■ Given records

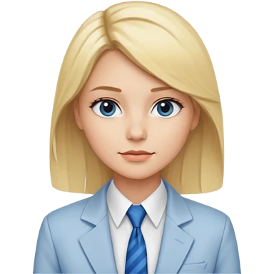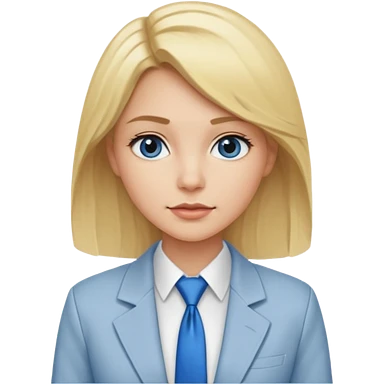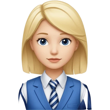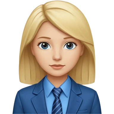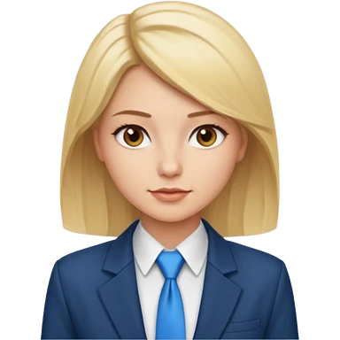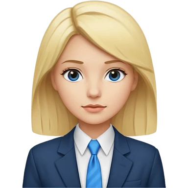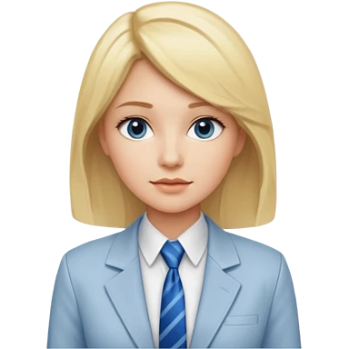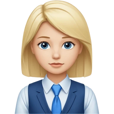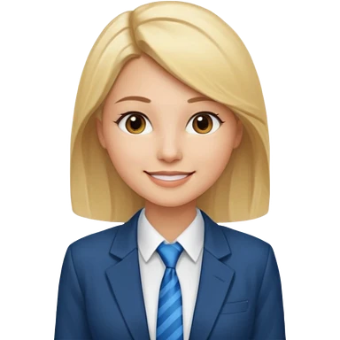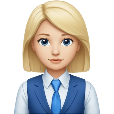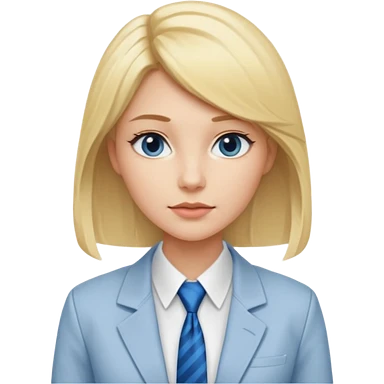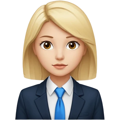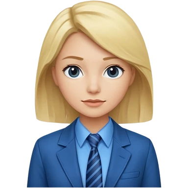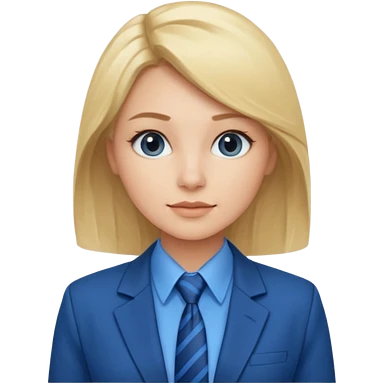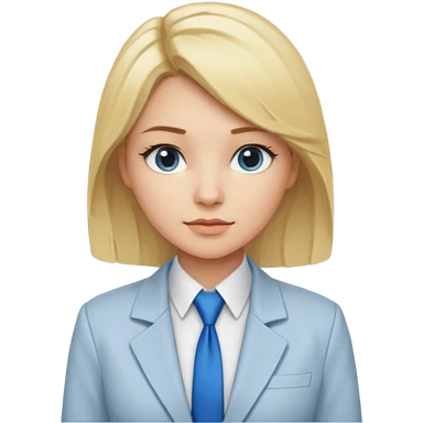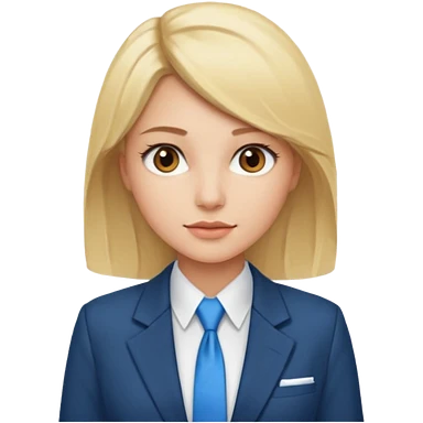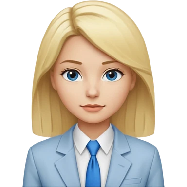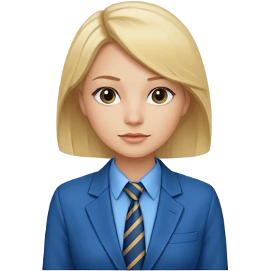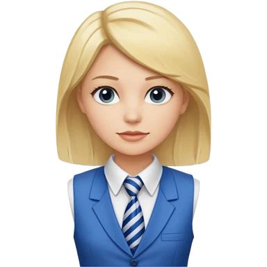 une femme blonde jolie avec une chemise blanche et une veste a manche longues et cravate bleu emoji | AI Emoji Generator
* * *
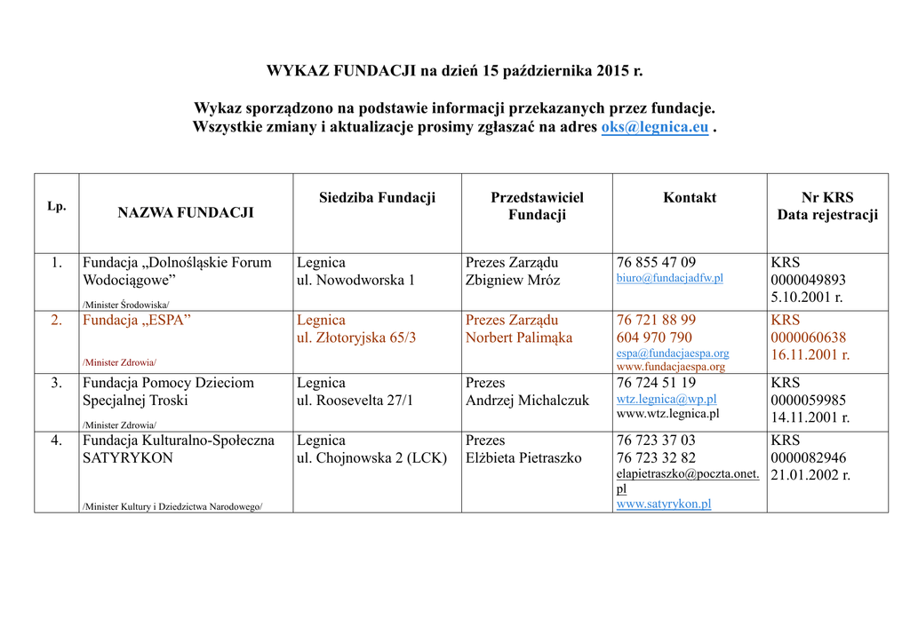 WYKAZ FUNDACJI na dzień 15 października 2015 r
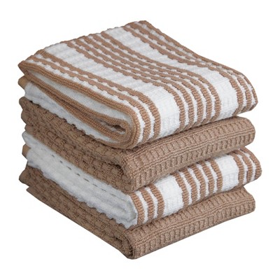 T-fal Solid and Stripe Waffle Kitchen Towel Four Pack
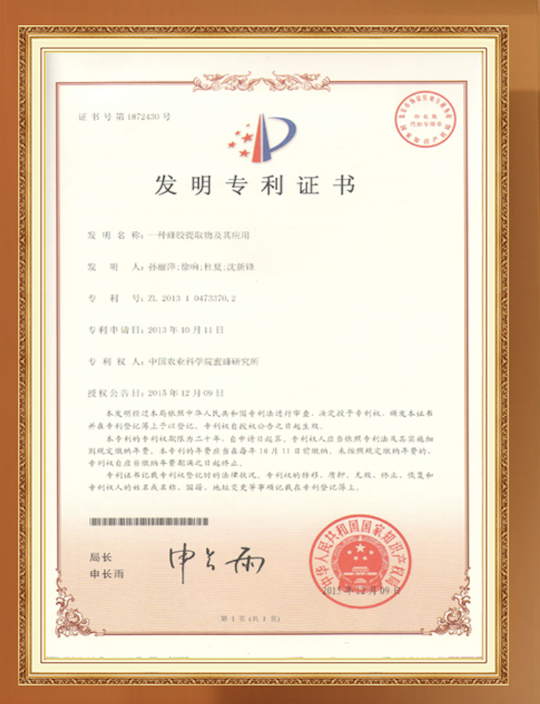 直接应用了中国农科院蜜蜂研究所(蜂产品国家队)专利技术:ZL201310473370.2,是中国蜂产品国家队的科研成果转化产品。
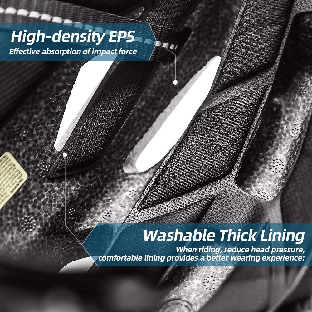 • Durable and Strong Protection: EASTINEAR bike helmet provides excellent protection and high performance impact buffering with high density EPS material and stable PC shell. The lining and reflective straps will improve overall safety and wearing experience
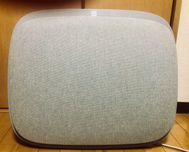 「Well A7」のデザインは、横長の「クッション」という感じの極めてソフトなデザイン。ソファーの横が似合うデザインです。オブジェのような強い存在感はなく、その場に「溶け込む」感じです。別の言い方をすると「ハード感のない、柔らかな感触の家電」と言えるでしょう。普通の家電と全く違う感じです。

■ The task
Please output the lines above beginning at the line with "直接应用了中国农科院蜜蜂研究" and ending after the line with "and wearing experience", precisely as written and with no pictures.

■ Result below
 直接应用了中国农科院蜜蜂研究所(蜂产品国家队)专利技术:ZL201310473370.2,是中国蜂产品国家队的科研成果转化产品。
 • Durable and Strong Protection: EASTINEAR bike helmet provides excellent protection and high performance impact buffering with high density EPS material and stable PC shell. The lining and reflective straps will improve overall safety and wearing experience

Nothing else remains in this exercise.